▶ Work instruction: All of the listing is to be written out word for word, with the pictures left out.

▶ Supplied material:
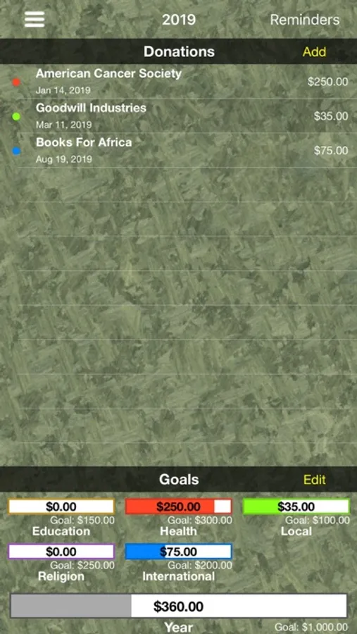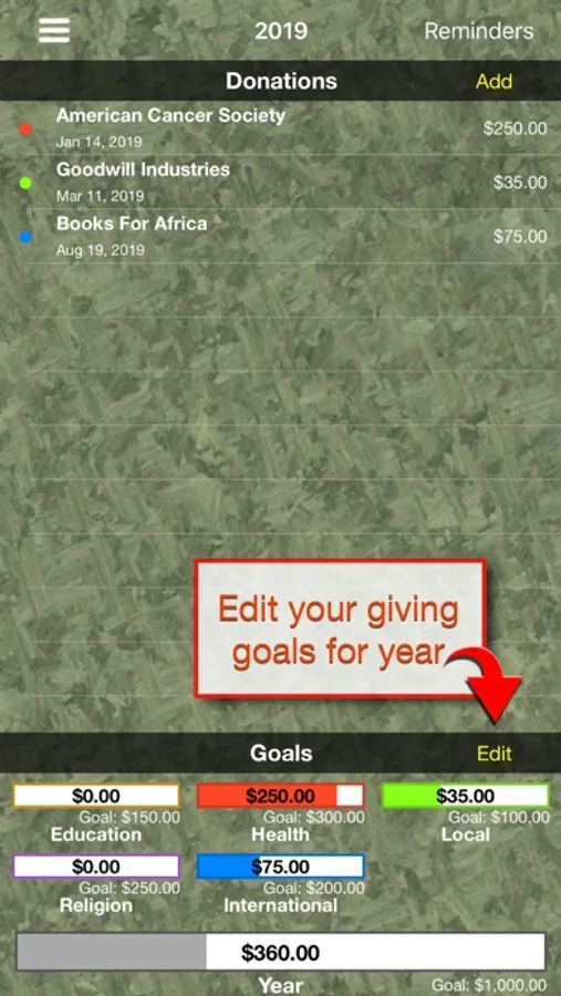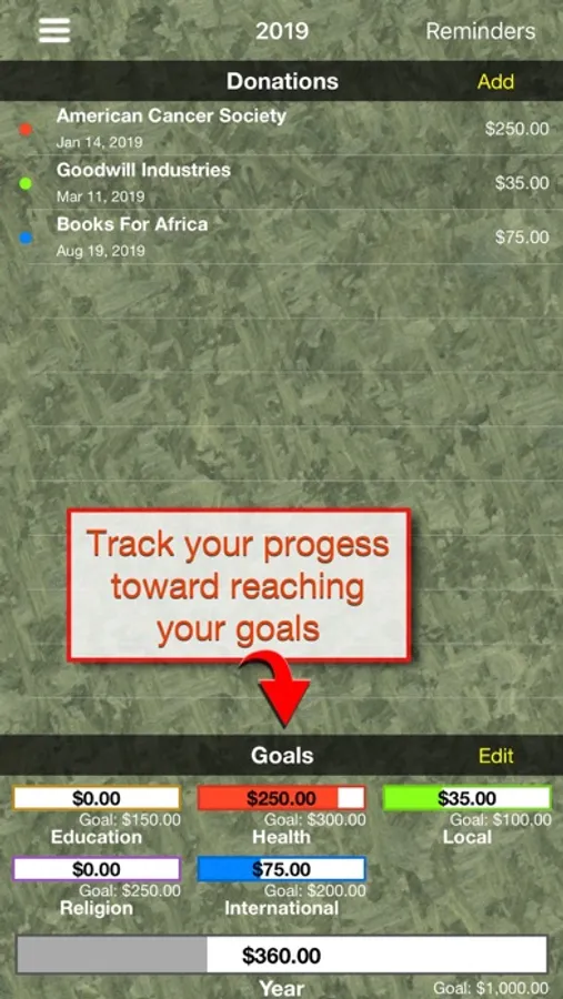 Set and reach your charitable giving goals with Give Tracker.
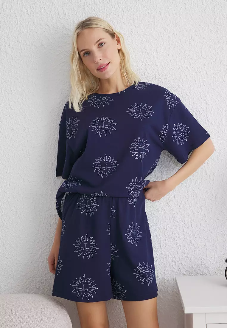 TrendyolNavy Blue Sun Patterned Shorts Knitted Pajama Set1489.001245.90
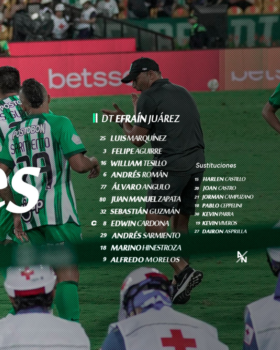 Luis Marquínez, Felipe Aguirre, William Tesillo, Andrés Román, Álvaro Angulo, Juan Manuel Zapata, Sebastián Guzmán, Edwin Cardona, Andrés Sarmiento, Marino Hinestroza, Alfredo Morelos. Foto: X/Atlético Nacional.
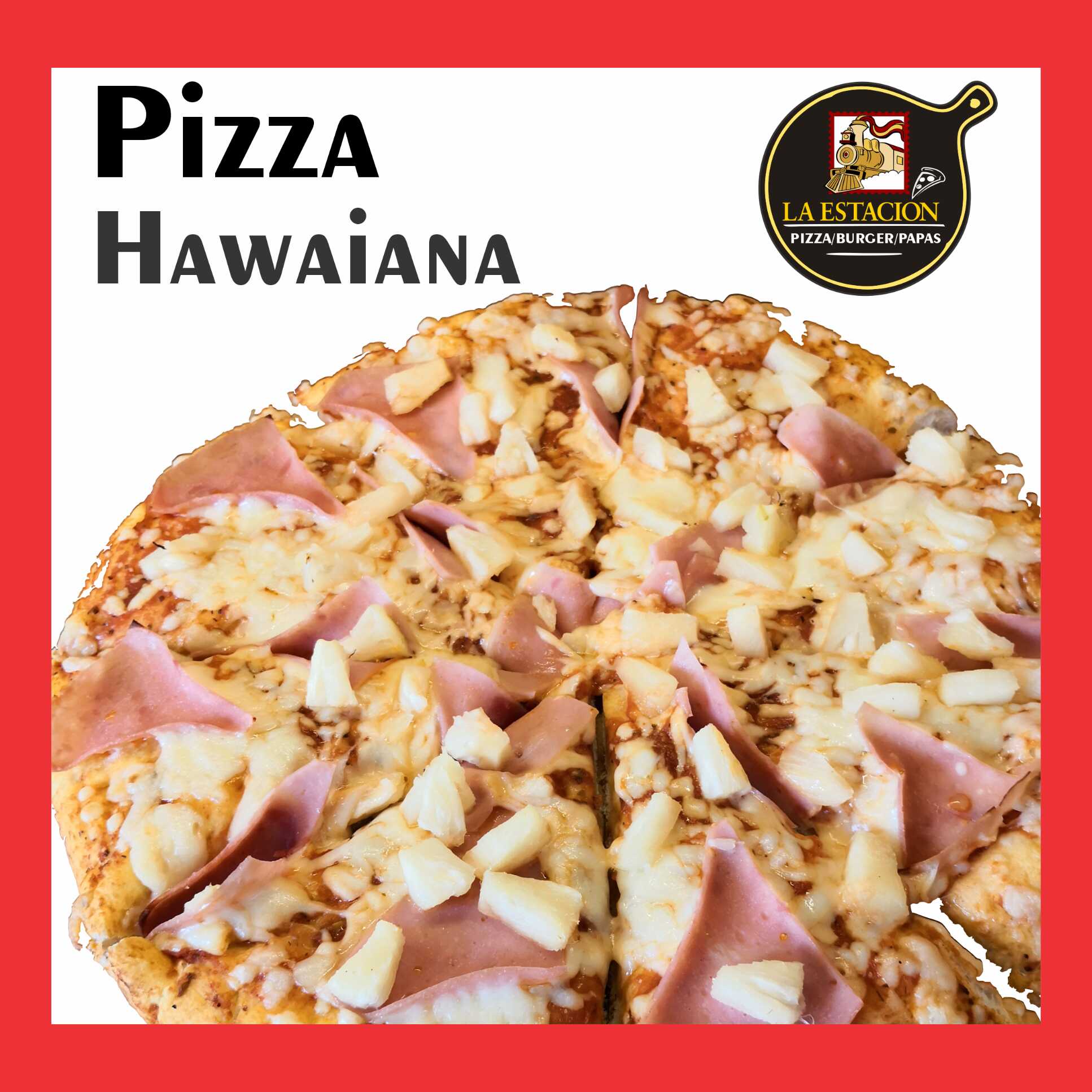 Pizza elaborada con masa madre napolitana, Salsa pomodoro, seleccion de quesos(gouda, manchego, mozzarella), Pepperoni madurado, jamón artesano, y rica piña.

▶ Worked solution:
 Set and reach your charitable giving goals with Give Tracker.
 TrendyolNavy Blue Sun Patterned Shorts Knitted Pajama Set1489.001245.90
 Luis Marquínez, Felipe Aguirre, William Tesillo, Andrés Román, Álvaro Angulo, Juan Manuel Zapata, Sebastián Guzmán, Edwin Cardona, Andrés Sarmiento, Marino Hinestroza, Alfredo Morelos. Foto: X/Atlético Nacional.
 Pizza elaborada con masa madre napolitana, Salsa pomodoro, seleccion de quesos(gouda, manchego, mozzarella), Pepperoni madurado, jamón artesano, y rica piña.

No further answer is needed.